About this exercise: Among the lines below, take the one holding "Стеклянный фартук закаленное", the one holding "Више стотина Крагујевчана", and all lines between them. Set them down exactly.

Dataset entries:
>>>
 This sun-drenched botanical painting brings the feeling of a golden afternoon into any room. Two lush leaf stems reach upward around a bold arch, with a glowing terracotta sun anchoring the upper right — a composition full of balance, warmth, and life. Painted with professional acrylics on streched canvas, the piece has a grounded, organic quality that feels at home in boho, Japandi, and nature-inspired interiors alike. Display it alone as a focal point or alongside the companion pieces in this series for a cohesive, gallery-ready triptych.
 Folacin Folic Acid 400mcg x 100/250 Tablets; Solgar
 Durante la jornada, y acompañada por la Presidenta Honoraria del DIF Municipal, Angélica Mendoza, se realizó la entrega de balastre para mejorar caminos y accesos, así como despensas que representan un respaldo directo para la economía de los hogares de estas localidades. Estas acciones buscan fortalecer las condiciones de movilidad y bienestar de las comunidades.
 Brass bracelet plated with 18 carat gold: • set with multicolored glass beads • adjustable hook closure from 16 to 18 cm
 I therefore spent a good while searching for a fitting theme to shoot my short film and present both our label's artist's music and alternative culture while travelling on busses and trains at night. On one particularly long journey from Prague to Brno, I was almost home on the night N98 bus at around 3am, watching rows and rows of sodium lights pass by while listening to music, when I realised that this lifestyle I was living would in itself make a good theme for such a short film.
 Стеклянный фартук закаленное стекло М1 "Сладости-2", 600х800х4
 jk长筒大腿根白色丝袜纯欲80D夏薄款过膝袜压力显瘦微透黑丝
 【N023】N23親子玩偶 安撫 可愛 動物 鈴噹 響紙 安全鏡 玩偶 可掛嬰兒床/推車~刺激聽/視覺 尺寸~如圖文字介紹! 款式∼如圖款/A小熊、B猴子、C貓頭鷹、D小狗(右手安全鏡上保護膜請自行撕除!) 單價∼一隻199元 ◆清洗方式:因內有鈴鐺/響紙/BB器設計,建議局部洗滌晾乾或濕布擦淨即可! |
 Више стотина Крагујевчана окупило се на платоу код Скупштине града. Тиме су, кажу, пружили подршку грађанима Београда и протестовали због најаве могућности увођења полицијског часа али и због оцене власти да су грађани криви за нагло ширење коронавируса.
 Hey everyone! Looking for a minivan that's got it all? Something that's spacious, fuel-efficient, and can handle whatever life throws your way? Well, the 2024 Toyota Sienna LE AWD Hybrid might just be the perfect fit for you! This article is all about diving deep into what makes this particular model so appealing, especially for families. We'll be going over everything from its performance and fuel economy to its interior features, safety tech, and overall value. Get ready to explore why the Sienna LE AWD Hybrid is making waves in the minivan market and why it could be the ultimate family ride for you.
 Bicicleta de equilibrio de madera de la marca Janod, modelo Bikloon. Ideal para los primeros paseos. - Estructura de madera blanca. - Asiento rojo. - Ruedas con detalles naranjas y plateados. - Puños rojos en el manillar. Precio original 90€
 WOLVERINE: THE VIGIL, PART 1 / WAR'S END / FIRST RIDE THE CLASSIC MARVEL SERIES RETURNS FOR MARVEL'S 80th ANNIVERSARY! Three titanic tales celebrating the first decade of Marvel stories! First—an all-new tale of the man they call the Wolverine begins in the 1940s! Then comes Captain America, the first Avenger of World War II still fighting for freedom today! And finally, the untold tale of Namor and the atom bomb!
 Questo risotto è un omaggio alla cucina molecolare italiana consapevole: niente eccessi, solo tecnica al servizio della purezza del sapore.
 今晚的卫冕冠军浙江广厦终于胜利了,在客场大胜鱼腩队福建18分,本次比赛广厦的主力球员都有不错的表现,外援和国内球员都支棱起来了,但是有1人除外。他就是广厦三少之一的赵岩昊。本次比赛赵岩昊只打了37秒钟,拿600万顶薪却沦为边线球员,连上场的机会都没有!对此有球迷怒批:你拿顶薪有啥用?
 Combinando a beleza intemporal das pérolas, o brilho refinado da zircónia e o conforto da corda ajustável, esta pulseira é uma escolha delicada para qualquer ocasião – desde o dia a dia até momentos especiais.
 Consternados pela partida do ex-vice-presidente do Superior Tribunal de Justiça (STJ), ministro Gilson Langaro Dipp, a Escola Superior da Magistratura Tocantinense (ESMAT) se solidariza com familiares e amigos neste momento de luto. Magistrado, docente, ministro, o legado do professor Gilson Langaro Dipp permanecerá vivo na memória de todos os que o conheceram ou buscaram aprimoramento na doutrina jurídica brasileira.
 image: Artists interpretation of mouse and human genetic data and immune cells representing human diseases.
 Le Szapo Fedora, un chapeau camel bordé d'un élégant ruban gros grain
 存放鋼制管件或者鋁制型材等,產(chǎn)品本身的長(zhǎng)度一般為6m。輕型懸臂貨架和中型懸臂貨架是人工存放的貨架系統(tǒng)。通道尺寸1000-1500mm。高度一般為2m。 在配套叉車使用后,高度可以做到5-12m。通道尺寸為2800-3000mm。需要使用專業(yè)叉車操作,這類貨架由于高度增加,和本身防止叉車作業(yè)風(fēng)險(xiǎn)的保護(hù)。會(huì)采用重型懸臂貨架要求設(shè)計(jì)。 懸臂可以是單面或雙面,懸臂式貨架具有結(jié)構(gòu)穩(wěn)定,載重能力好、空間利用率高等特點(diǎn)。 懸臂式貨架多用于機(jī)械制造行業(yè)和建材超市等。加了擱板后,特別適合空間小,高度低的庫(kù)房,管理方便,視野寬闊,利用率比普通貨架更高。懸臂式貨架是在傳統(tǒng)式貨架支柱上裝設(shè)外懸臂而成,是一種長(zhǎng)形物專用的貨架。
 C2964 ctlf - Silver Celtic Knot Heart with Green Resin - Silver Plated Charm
<<<
Task solution:
 Стеклянный фартук закаленное стекло М1 "Сладости-2", 600х800х4
 jk长筒大腿根白色丝袜纯欲80D夏薄款过膝袜压力显瘦微透黑丝
 【N023】N23親子玩偶 安撫 可愛 動物 鈴噹 響紙 安全鏡 玩偶 可掛嬰兒床/推車~刺激聽/視覺 尺寸~如圖文字介紹! 款式∼如圖款/A小熊、B猴子、C貓頭鷹、D小狗(右手安全鏡上保護膜請自行撕除!) 單價∼一隻199元 ◆清洗方式:因內有鈴鐺/響紙/BB器設計,建議局部洗滌晾乾或濕布擦淨即可! |
 Више стотина Крагујевчана окупило се на платоу код Скупштине града. Тиме су, кажу, пружили подршку грађанима Београда и протестовали због најаве могућности увођења полицијског часа али и због оцене власти да су грађани криви за нагло ширење коронавируса.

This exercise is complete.